Wednesday, April 13, 2011

Getting Smarter, but Getting Dumber

This weekend, I incorrectly identified Quiet Riot when "Cum On Feel the Noize" came on the radio.

If you know me at all, that was mortifying.  I pride myself on my encyclopedic knowledge of rock'n'roll and pop culture in general.  I never lose Trivial Pursuit (except that one time, but they got me absolutely shmammered beforehand to handicap the whole game), I can usually tell you not only who sang a song but what year it came out, and possibly even what the name of the album was.  I am a rock'n'roll idiot savant.  Fortunately, I only said it to my husband - there were no other witnesses.  Of course, now I'm telling you, but there's a point to this.  I am losing vital knowledge that I've had tucked up inside my head for at least a decade or two.

The trade-off is: I can factor the shit out of just about any trinomial you throw at me right now.  I can factor their fucking faces off.

Is this a worthwhile trade-off?  Until May 11th, it is.  Until I finish the very last question on my algebra final, it's just fine with me.

Once, years ago, my grandparents went to the doctor because my grandmother was having difficulty with her memory.  The doctor told her that your memory is like a box: it can only hold so many marbles (memories) at a time.  When you add new marbles, older marbles might be forced out of the box to make room for these new ones.  (My granddad tells this story 100% to get to the punchline, which is: "Doctor, are you telling me my wife is losing her marbles?"  It seemed wrong to tell the story and not give you the punchline, so there it is.)

I have no problem shoving the rock'n'roll marbles out of the box for the moment.  Or memories of the third grade.  I can part with those, too.  Also, lines to movies that are not very funny, and/or are hackneyed or cliched.  Like lines from Top Gun.  I'd like to keep the funny ones, however.  The name of my kindergarten teacher.  That can go.  I would like to remember the dog I had when I was a kid, though, that would be good.  The entirety of the eighth grade.  That was pretty much useless.  Also, all the words to Young MC's "Bust A Move."  (And ZOMG, I just had to Google who sang "Bust A Move."  Please let this semester end so that I can go back to being myself again, full of completely irrelevant trivia.)  Any and all football stats pertaining to the Houston Texans.  Those are worth approximately less than nothing.

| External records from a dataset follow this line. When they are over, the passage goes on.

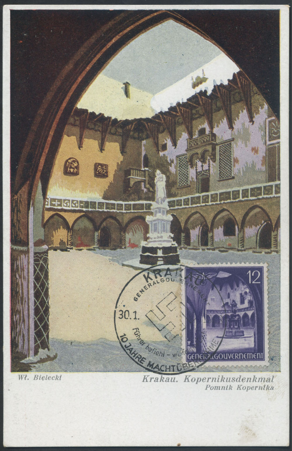 1943 karta maksimum z pomnikiem Mikołaja Kopernika na dziedzińcu Uniwersytetu jagiellońskiego z stemplem okolicznościowym z Krakowa 10. rocznicy przejęcia władzy przez Hitlera. | Fi.67, 29 |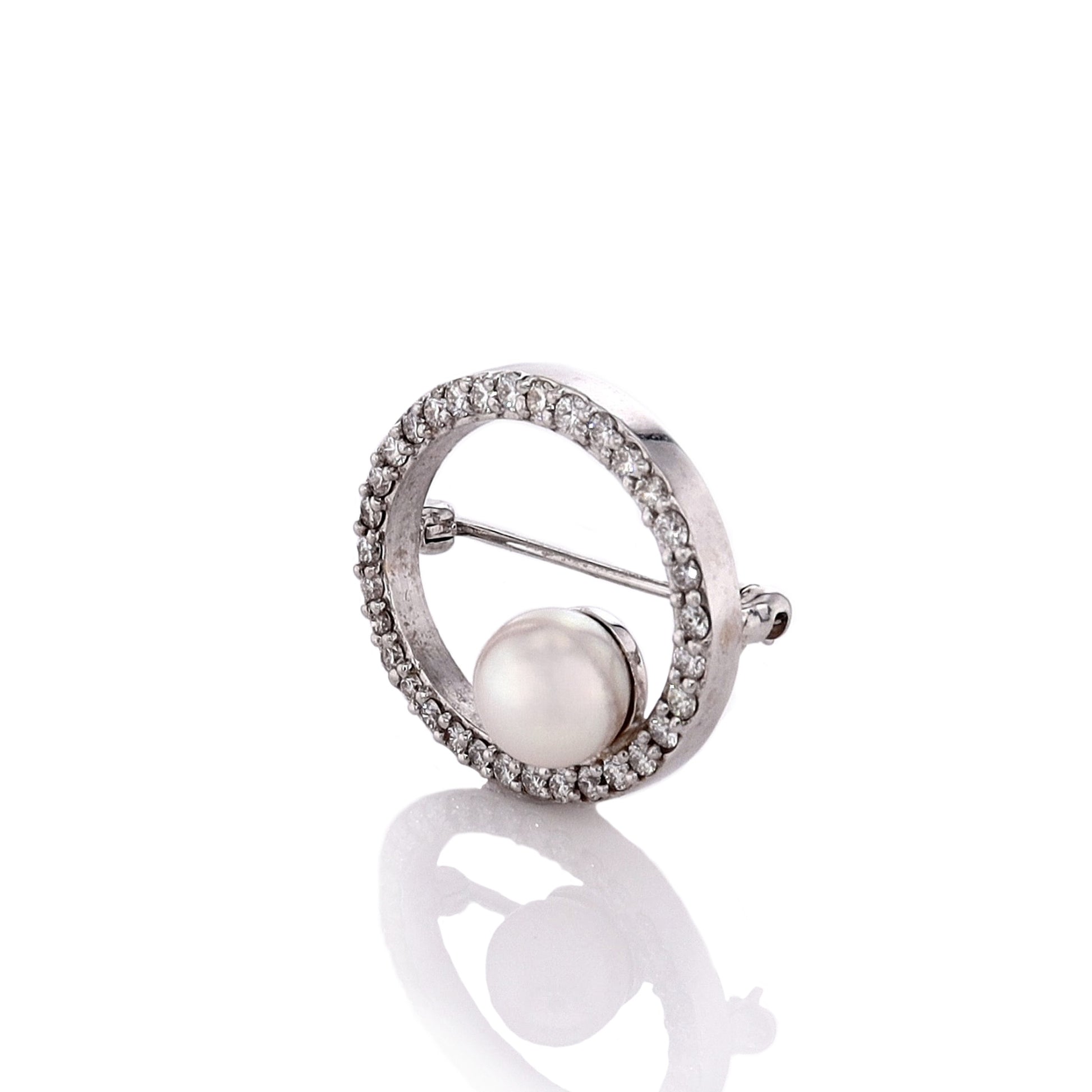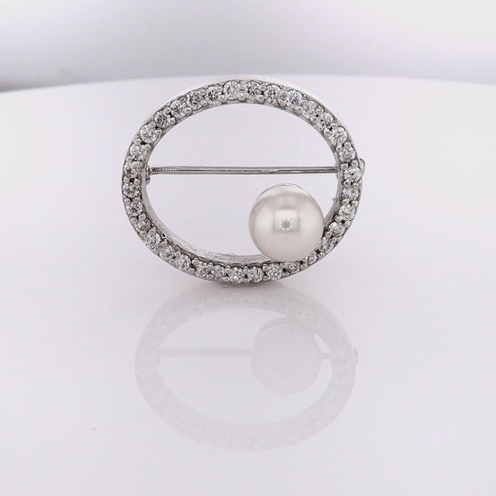 Estate 14k White Gold Oval Design Pearl and Diamond Pin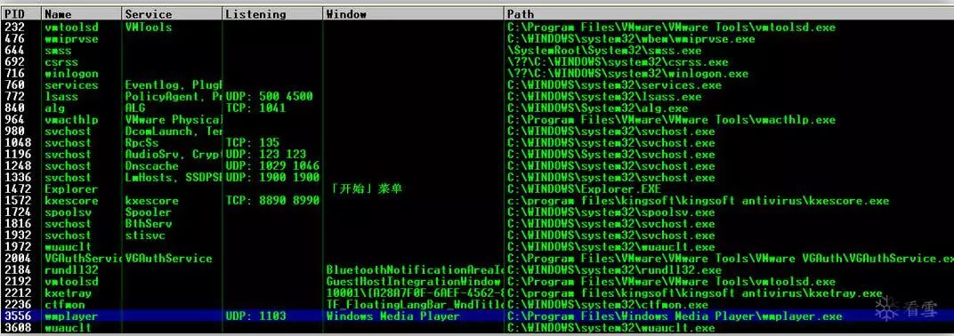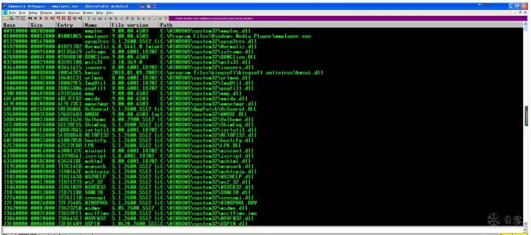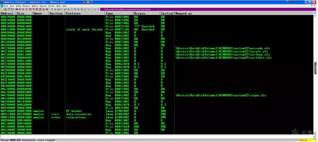 首先,在Windows Media Player附带Immunity后,按ALT + M查看内存映射(也可以选择View-> Memory或单击工具栏上的'M'图标)。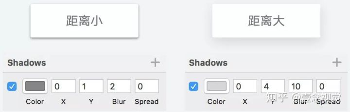 当元素的距离水平面越近,阴影距离元素也就越近,即 XY 轴越小,模糊也越小,如果离得远则相反。

Brains should be more like iPods.  Just as I can go into my iPod and realize that I haven't listened to that one Aberfeldy song in the last six months and delete it to make room for the new Allison Krauss , I should be able to go into my memory, realize that the last time I accessed my phone number from my junior year in high school was 1999 and make some room on the hard drive by deleting it.  Anything I haven't thought about since approximately 2001, you're up for possible deletion.  Including my second grade best friend's middle name.  And her address.  And her phone number.  All of which I can tell you right now.  (See?  That line from Pee Wee's Big Adventure that you're thinking of right now?  That can go too.)

I need space for algebra, history, accounting, philosophy, probably some sort of science.  Any and all embarrassing memories can go.  That thing that makes me blush to think about it now, fifteen years later?  Don't remember it.  It never happened.

Instead, with my luck, I'll end up forgetting something important to make room for the new stuff.  Like the PIN for my debit card.  Or my kids' birthdays.  Or the password to my e-mail.  Something that will really affect my daily life.  But while my kids hate me, I can't access my e-mail or get any cash, I'll still be able to sing all the words to "The Humpty Dance."  Don't hate.